With a background in design and over 20 years of experience as a web developer, Joris is the driving force behind the Integrape platform. Joris is passionate about leveraging technology to develop user friendly solutions for viticulture, and constantly liaising with the industry to ensure they stay on track.
Originally from Hawkes Bay, Len studied Viticulture and Oenology at Lincoln University before heading to Central Otago, working for several years in various operational and technical management roles in the wine industry there. Since relocating to Marlborough in late 2016, Len has been managing the viticulture program for Matua’s company-owned vineyards. With a passion for viticulture and wine, Len recognises the importance of understanding and connecting viticulture inputs with wine quality.

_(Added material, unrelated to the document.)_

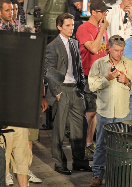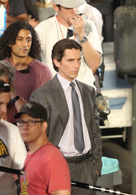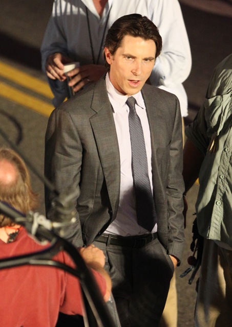 Christian Bale as Bruce Wayne was also shooting yesterday. It has been a while. He looks good. Really good. Not a skinny junkie which is my last recollection of him since The Fighter.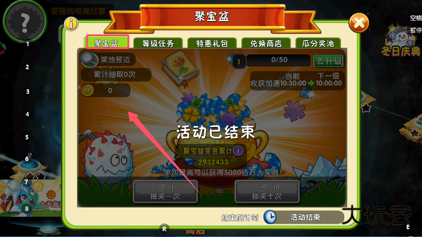 2、在聚宝盆抽奖页面,点击“抽奖一次”或“抽奖十次”积累次数,这些次数会关联瓜分奖池的排名,抽奖过程中可能触发单次5000钻石的大奖,奖池累计金额会实时更新。

Mark's career since 1970 has spanned areas of both horticulture and viticulture. He moved to Marlborough in 2004 and established his own vineyard advisory business. Mark is motivated by reevaluating practices that could create a leading edge in how we manage our vineyards. Such examples include subsurface irrigation that he used on all his Hawke’s Bay vineyard developments back in 1987, which is still operating successfully with the original dripline. More recently I was fortunate enough to project manage the Plant and Food and MPI research programme on mechanical shaking which has proved to be a highly effective cultural method of botrytis control. For the last 12 years, he has worked on alternative pruning options for Sauvignon Blanc that could reduce the high labour cost of cane pruning and at the same time retain yields and increase vine longevity.
Meagan Littlejohn hails from Canada with a Master of Arts (M.A.) and a background in research and project management. Meagan first joined the Sustainable Winegrowing NZ (SWNZ) team in May 2018 as the Systems Administrator and now manages the daily operations of the SWNZ programme.
Nick became involved in Viticulture in Martinborough in the early ’80s, as Vineyard Manager for Martinborough Vineyards. His interest in vine health and genetics prompted a move to Riversun in 1998. Returning to Masterton in 2003 Nick has continued working remotely for Riversun as their viticultural advisor. Nick also established and ran Vine Managers Wairarapa Ltd a management and consultancy business (2006 to 2019) and fronted the NZW virus elimination projects (2009-2015). Since 2015 Nick has managed the BRI Vineyard ecosystems programme, due to finish in December this year.